======== RECORDED DATA ========

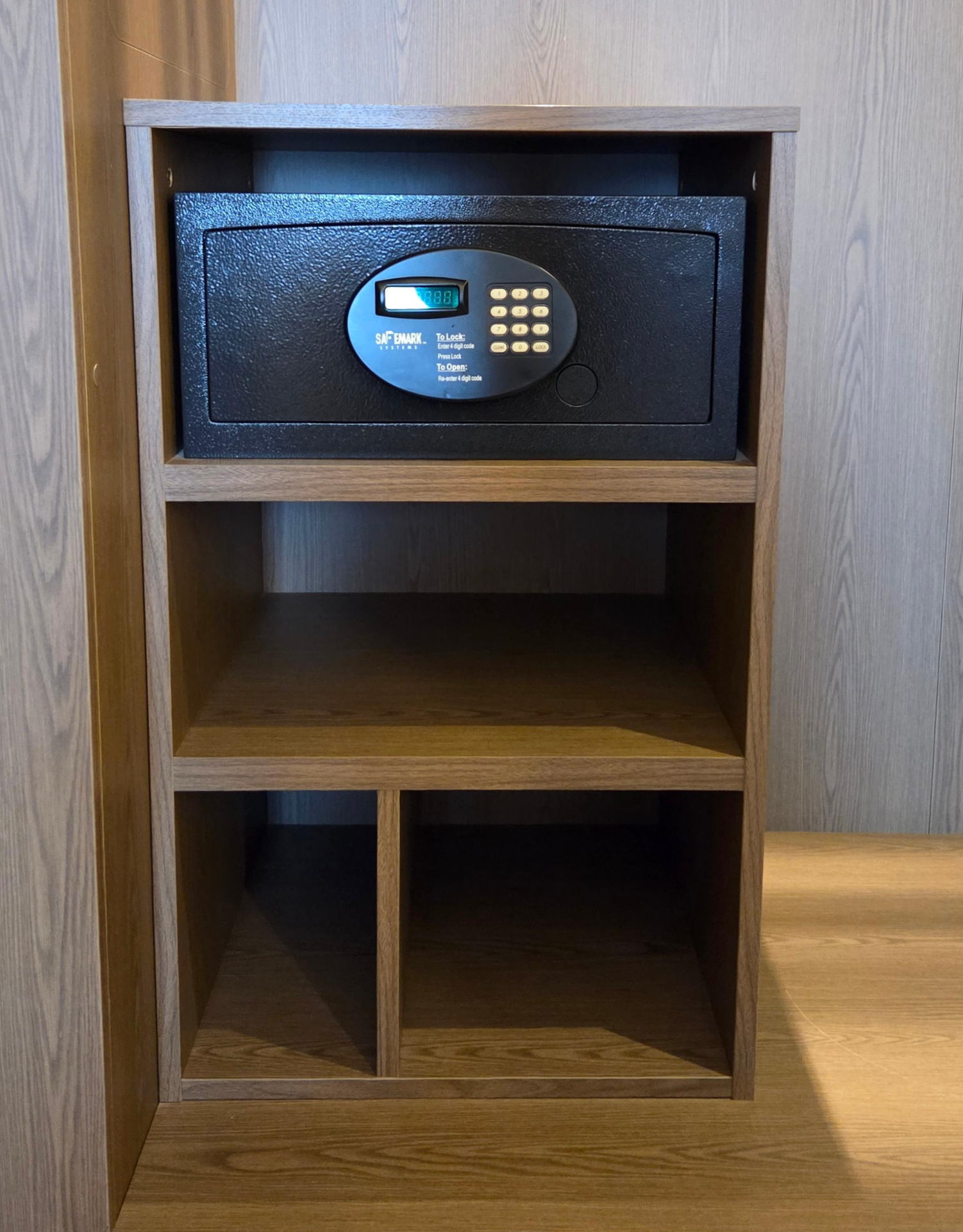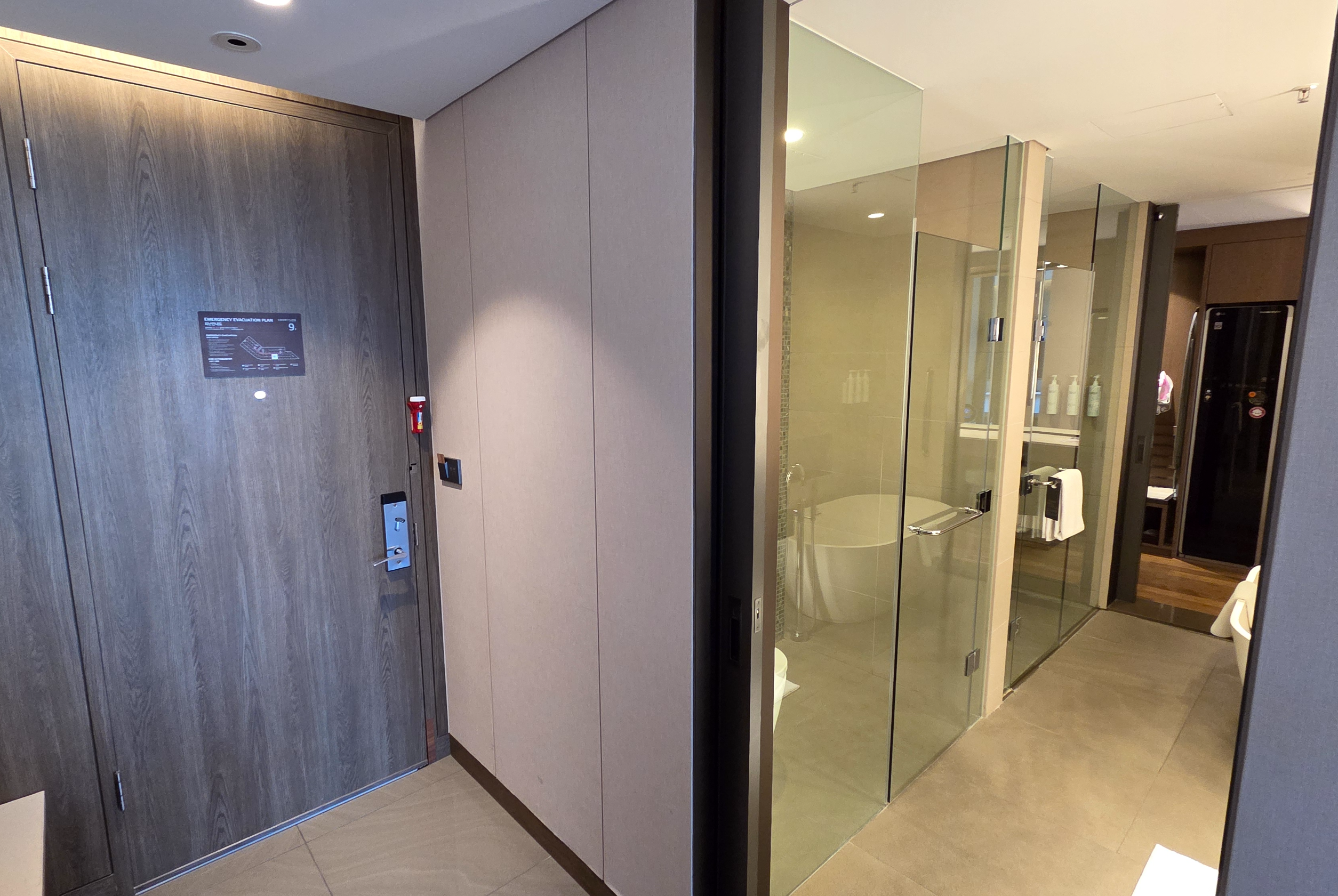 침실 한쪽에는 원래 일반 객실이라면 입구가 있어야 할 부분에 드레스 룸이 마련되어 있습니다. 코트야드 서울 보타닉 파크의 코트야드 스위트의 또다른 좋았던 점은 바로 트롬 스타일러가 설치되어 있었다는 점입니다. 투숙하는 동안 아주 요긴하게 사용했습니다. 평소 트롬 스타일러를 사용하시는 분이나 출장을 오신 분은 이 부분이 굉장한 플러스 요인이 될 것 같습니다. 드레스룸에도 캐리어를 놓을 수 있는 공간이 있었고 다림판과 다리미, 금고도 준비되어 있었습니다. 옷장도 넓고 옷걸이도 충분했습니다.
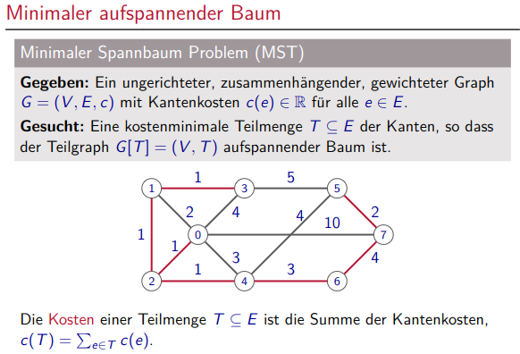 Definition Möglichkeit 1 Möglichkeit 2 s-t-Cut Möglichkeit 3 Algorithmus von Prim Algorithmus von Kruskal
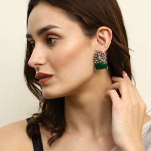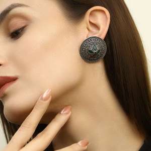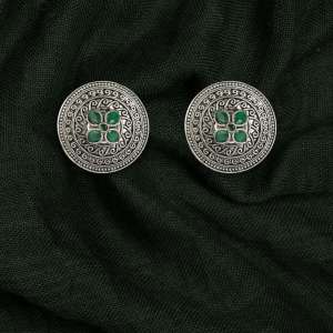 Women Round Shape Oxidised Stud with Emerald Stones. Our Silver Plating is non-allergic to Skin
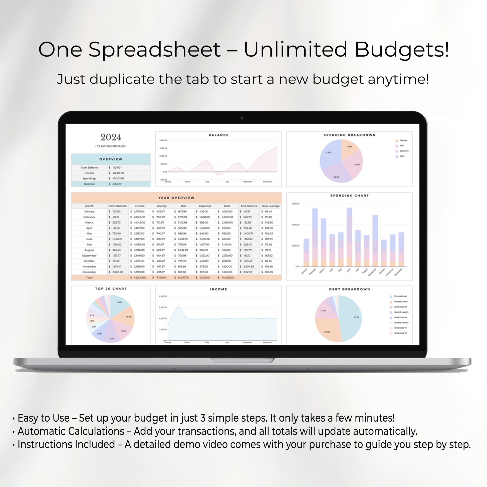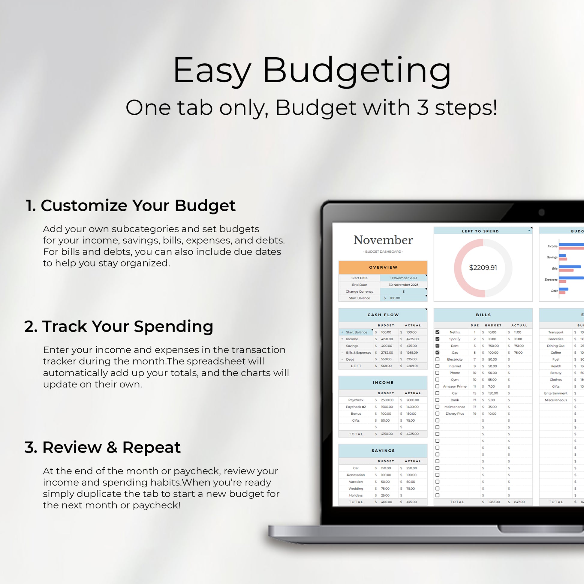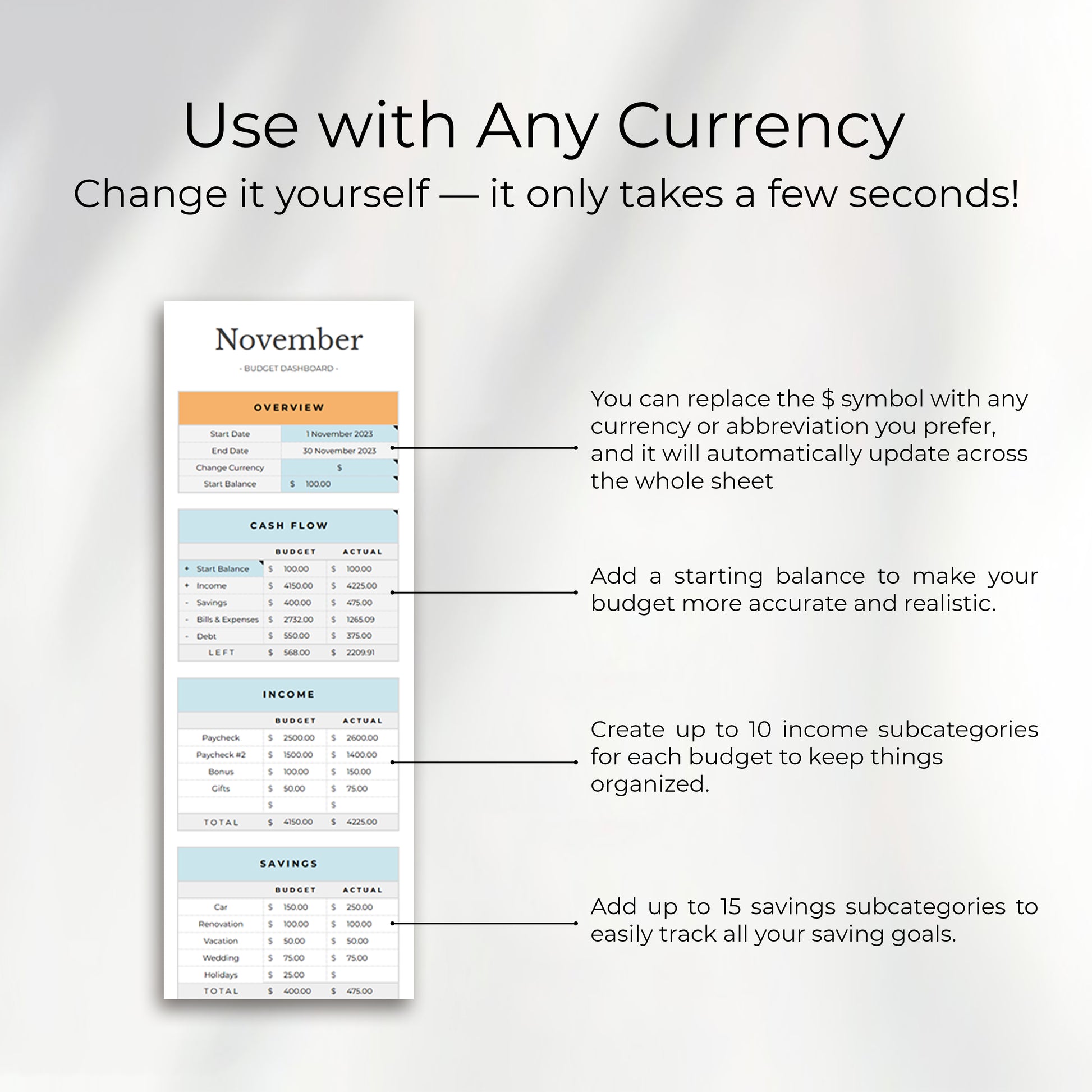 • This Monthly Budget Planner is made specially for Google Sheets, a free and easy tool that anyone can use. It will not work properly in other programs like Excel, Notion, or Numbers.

========

Return all of the data exactly as written, and drop the pictures.

RESPONSE FOR THIS EXERCISE ->
 침실 한쪽에는 원래 일반 객실이라면 입구가 있어야 할 부분에 드레스 룸이 마련되어 있습니다. 코트야드 서울 보타닉 파크의 코트야드 스위트의 또다른 좋았던 점은 바로 트롬 스타일러가 설치되어 있었다는 점입니다. 투숙하는 동안 아주 요긴하게 사용했습니다. 평소 트롬 스타일러를 사용하시는 분이나 출장을 오신 분은 이 부분이 굉장한 플러스 요인이 될 것 같습니다. 드레스룸에도 캐리어를 놓을 수 있는 공간이 있었고 다림판과 다리미, 금고도 준비되어 있었습니다. 옷장도 넓고 옷걸이도 충분했습니다.
 Definition Möglichkeit 1 Möglichkeit 2 s-t-Cut Möglichkeit 3 Algorithmus von Prim Algorithmus von Kruskal
 Women Round Shape Oxidised Stud with Emerald Stones. Our Silver Plating is non-allergic to Skin
 • This Monthly Budget Planner is made specially for Google Sheets, a free and easy tool that anyone can use. It will not work properly in other programs like Excel, Notion, or Numbers.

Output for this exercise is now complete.